Dataset records ::
>>>>
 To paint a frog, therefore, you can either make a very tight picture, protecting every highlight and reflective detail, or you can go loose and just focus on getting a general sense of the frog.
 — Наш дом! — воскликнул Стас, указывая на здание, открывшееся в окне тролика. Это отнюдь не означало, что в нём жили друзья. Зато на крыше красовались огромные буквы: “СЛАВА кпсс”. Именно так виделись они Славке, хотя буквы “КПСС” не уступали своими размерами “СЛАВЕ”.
<<<<
>>>>
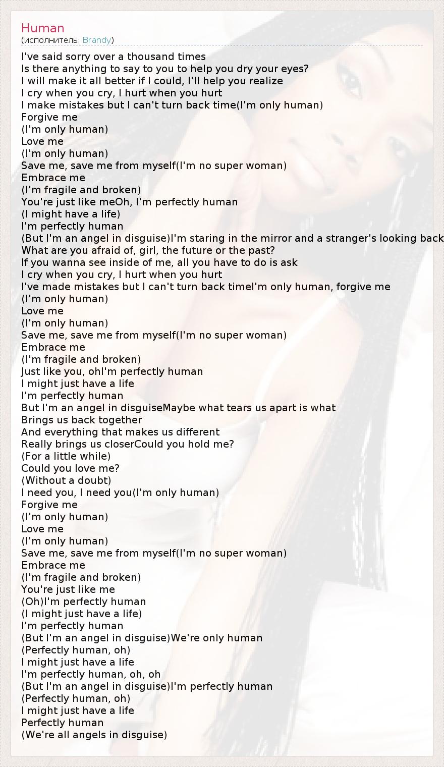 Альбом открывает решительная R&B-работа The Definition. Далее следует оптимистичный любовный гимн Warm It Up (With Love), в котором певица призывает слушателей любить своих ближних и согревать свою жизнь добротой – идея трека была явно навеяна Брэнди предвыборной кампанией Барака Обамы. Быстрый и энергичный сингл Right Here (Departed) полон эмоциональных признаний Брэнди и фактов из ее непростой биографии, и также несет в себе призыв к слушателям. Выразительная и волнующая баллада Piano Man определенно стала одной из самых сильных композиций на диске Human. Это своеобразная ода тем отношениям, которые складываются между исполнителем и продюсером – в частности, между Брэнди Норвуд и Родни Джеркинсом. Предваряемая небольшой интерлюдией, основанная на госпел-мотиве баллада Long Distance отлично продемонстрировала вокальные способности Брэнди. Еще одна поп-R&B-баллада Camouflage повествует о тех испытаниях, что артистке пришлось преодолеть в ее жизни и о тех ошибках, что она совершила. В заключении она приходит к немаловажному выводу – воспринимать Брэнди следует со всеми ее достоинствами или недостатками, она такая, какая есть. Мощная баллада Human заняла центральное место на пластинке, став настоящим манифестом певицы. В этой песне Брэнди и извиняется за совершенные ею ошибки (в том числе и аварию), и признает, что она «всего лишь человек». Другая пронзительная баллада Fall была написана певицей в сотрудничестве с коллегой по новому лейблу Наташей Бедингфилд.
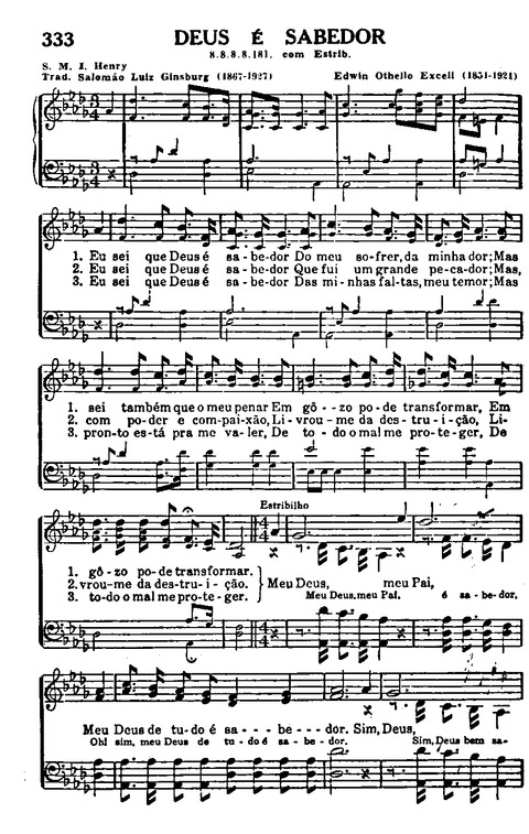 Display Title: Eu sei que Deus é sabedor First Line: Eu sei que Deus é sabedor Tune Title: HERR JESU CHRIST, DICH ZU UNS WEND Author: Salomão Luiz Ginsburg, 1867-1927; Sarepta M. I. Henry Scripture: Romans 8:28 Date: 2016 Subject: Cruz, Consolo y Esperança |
<<<<
Copy the records above exactly, beginning at the line that contains "To paint a frog, therefore, you" and stopping after the line that contains "дом! — воскликнул".

 To paint a frog, therefore, you can either make a very tight picture, protecting every highlight and reflective detail, or you can go loose and just focus on getting a general sense of the frog.
 — Наш дом! — воскликнул Стас, указывая на здание, открывшееся в окне тролика. Это отнюдь не означало, что в нём жили друзья. Зато на крыше красовались огромные буквы: “СЛАВА кпсс”. Именно так виделись они Славке, хотя буквы “КПСС” не уступали своими размерами “СЛАВЕ”.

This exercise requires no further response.